When discussing lactoferrin, it is often said that it is “unable” to affect the body due to digestion; however, scientific evidence suggests that it is hydrolyzed to stable, immunologically active peptides upon contact with the acidic environment of the gastric juice. Lactoferrin preparations are effective after oral administration, which has been confirmed in numerous studies, including clinical ones [32,34,35,36,37,38]. LF can reach the intestine, mainly in the form of peptide fragments, where they act locally on the microbiota and the immune system associated with the local mucosa, thereby enhancing the immunity of all mucous membranes in the body [11,39,40].

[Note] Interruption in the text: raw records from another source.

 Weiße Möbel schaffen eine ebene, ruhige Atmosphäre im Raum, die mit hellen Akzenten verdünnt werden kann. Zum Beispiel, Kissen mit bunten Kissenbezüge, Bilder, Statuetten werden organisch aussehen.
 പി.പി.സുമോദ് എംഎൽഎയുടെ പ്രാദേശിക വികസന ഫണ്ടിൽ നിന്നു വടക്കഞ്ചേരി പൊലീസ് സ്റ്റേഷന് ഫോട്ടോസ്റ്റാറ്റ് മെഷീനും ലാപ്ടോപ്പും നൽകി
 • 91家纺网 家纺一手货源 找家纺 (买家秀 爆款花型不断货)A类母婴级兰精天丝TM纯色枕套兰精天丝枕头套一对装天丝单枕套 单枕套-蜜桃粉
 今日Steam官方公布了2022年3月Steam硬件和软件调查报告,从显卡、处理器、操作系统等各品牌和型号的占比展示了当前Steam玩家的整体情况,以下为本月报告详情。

In children suffering from diarrhea, oral lactoferrin both alleviated the course and reduced the frequency [40,41]. Published studies using lactoferrin in children have positively evaluated its use for both gastrointestinal infections and sepsis in neonates, and lactoferrin supply in preterm infants is recommended to be introduced as soon as possible [42,43]. It is also very interesting that, in pregnant women, intravaginal lactoferrin is one of the preventive measures reducing the risk of premature delivery [10,41]. LF supports normal tissue development in the fetus, including normal ossification, adequate iron availability and absorption, protects against infection and inflammation, and benefits both mother and fetus [44]. LF acts as a probiotic, protecting the lower genital tract and preventing the consequences of inflammation both during pregnancy and before pregnancy, thus aiding fertility. Lactoferrin is present in the follicular fluid, but results of studies on its effect on oocyte maturation and quality are inconclusive [45,46]. The role of lactoferrin in male fertility is still under intense debate and research [47,48]. It can protect against infections of the male genital tract and regulate iron levels in sperm, thus influencing its quality. This appears to be a good potential marker of sperm quality [47]. This issue is the subject of ongoing clinical trials—ClinicalTrials.gov Identifier: NCT05171504.

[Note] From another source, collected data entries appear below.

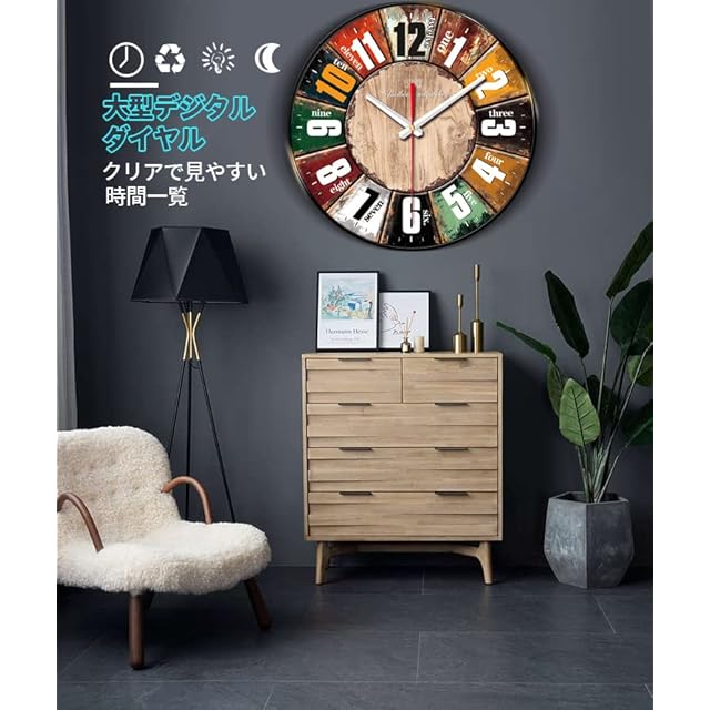 【見やすい大きな数字】この壁掛け時計は、1〜12の大きなアラビア数字で、シンプルで実用的、はっきり見やすい、大きな数字で時間が見やすい。 目が悪い人でも見ることができます。
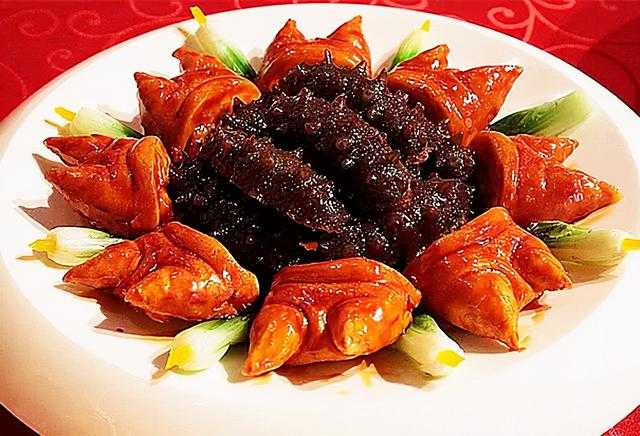 烀是一种烹饪方法,是把食材放在锅里,加上水,盖上盖子,加热使其变熟。海参烀蹄子是把猪蹄先煮后炸,再和海参等香料一起在锅里烀制而成。吃起来海参软嫩,猪蹄红亮黏烂,汤汁更是鲜美香醇。
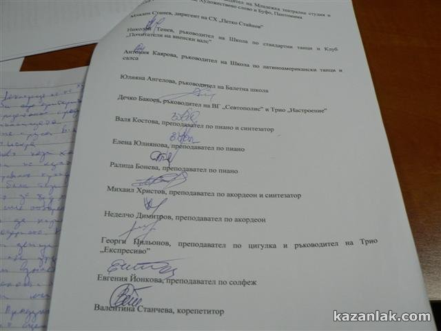 Долуподписаните ръководители и преподаватели, заявяваме, че очакваме да преразгледате ситуацията, в която поставяте най-старата институция в региона. Уверяваме ви, че сме длъжни, заради завещанието „Изворът на щастието се състои в съгласието” да предприемем всички необходими действия, за да защитим казанлъшката съкровищница.
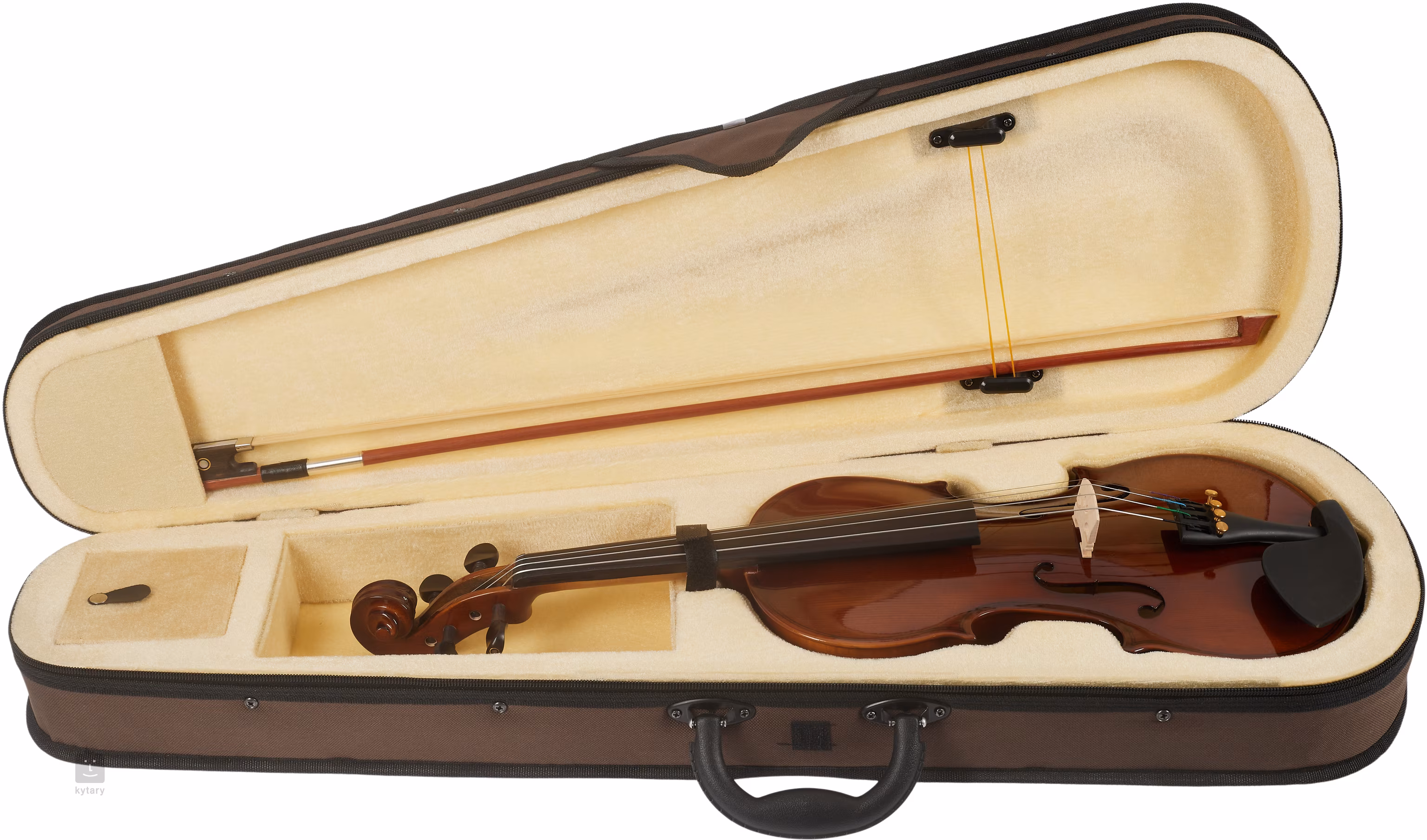 Die preisgünstige Violine ORC-34 der Marke Soundsation aus der Serie Virtuoso Orchestra ist eine hervorragende Wahl für Anfänger. Die Decke des Instruments besteht aus laminierter Fichte, der Boden und die Zargen sind aus laminiertem geflammtem Ahorn mit markanter Maserung gefertigt. Die Geige verfügt außerdem über einen Ahornhals und -steg, ein Griffbrett aus gefärbtem Holz, Ebenholz-Stimmwirbel, einen Saitenhalter aus Verbundmaterial und eine hölzerne Kinnhalterung. Das Instrument wird in einem Koffer zusammen mit einem Bogen geliefert.

Numerous studies have confirmed the beneficial effects of LF on the intestinal epithelium. This protein stimulates the growth, differentiation and secretory activity of epithelial cells, which optimizes the digestive processes and absorption of nutrients and protects against the action of pathogens and food allergens [61,62]. LF also protects the intestinal epithelium from the toxic effects of reactive oxygen species (ROS), bacterial toxins and xenobiotics such as nonsteroidal anti-inflammatory drugs (NSAIDs) [31,63,64,65]. Importantly, LF also protects against gastrointestinal tract infections, both viral and bacterial, fungal and protozoal [32,66]. Many tests have demonstrated the protective effect of LF in the states of endotoxemia, bacteremia, sepsis and necrotic enteritis in neonates [35,36,58,67,68,69], in inflammatory colitis [70,71] and after partial bowel resection [72]. LF has antibacterial properties in relation to Gram-negative and Gram-positive bacteria, thanks to which it is helpful for fighting pathogens, prevents the formation of biofilm by pathogenic bacteria, such as Staphylococcus aureus or blue oil rod (Pseudomonas aeruginosa) [66,73]. LF supports the treatment of gastric infection caused by Helicobacter pylori [74]. The mechanism of action of LF may, inter alia, include the direct inhibition or killing of microbial cells, activation/inhibition of the immune system, or enhancement of intestinal epithelial tightness by stimulating the production of tight junction proteins. In addition, the binding of iron by LF makes its absence associated with a concomitant halt in bacterial growth, which protects the body from infection. [20]. It also has an immunomodulating effect, stimulating the body to synthesize cytokines and chemokines as well as accelerating the maturation of cells of the immune system [17,50,51,75].

Human lactoferrin (abbreviated as hLF,) possesses 77% similarities with the bovine form (bLF) in the aspect of amino acid sequences, although bovine lactoferrin is usually studied, because it is easier to obtain. It has been estimated that in a glass of cow’s milk we will find about 25-75 mg of this protein. At the same time, it seems that bLF is not an ideal choice due to differences that may alter its antiviral and antimicrobial potential when used in human therapy, but some authors highlight its stronger antimicrobial activity [76].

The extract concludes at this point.